WHAT YOU HAVE TO DO – Give the data back exactly. Leave out any images.

══ GIVEN INFORMATION

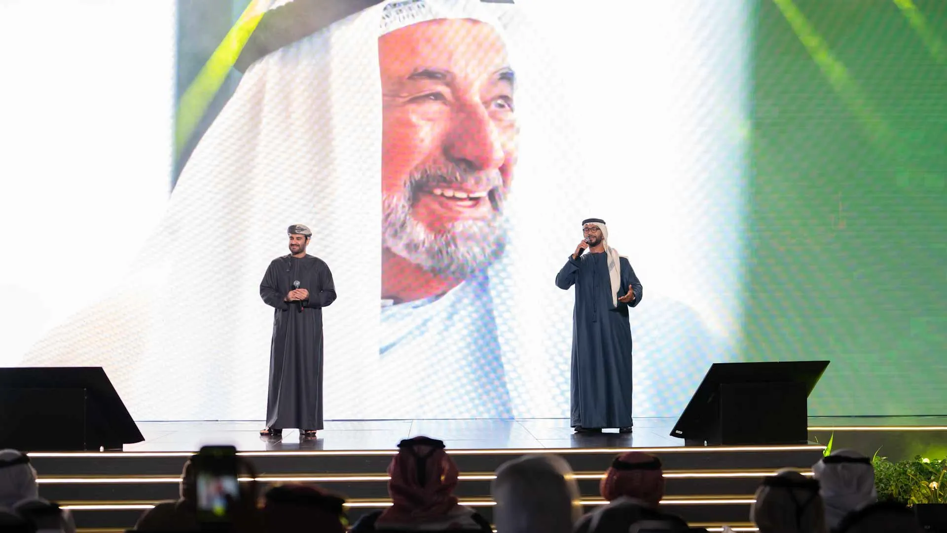 The ceremony featured the premiere of the song “Here is Sharjah,” created in collaboration with Sharjah Radio, part of the Sharjah Broadcasting Authority. The song was performed by artists Salah Al Zadjali and Fayez Al Saeed, and its lyrics and melody highlighted Sharjah’s cultural and humanitarian importance, reflecting a deep sense of belonging and pride in national identity. The audience responded with enthusiastic applause, sharing in the pride and joy of this new artistic work.
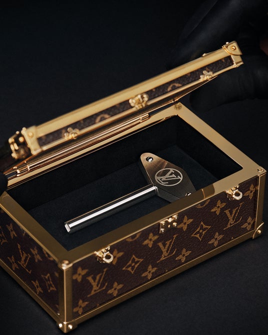 このプレシャスなモデルを収めるために特注された輸送用ケースも、コンテナ(容器)とコンテンツ(内容物)の間の遊び心ある対比を継承。メゾンのアイコニックなモノグラム・キャンバスをまとったトロフィー・トランクの形を採用しています。
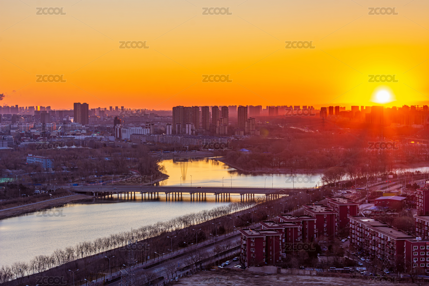 北京市通州區(qū)溫榆河上鄧家窯橋的日落

════

REPLY –
 The ceremony featured the premiere of the song “Here is Sharjah,” created in collaboration with Sharjah Radio, part of the Sharjah Broadcasting Authority. The song was performed by artists Salah Al Zadjali and Fayez Al Saeed, and its lyrics and melody highlighted Sharjah’s cultural and humanitarian importance, reflecting a deep sense of belonging and pride in national identity. The audience responded with enthusiastic applause, sharing in the pride and joy of this new artistic work.
 このプレシャスなモデルを収めるために特注された輸送用ケースも、コンテナ(容器)とコンテンツ(内容物)の間の遊び心ある対比を継承。メゾンのアイコニックなモノグラム・キャンバスをまとったトロフィー・トランクの形を採用しています。
 北京市通州區(qū)溫榆河上鄧家窯橋的日落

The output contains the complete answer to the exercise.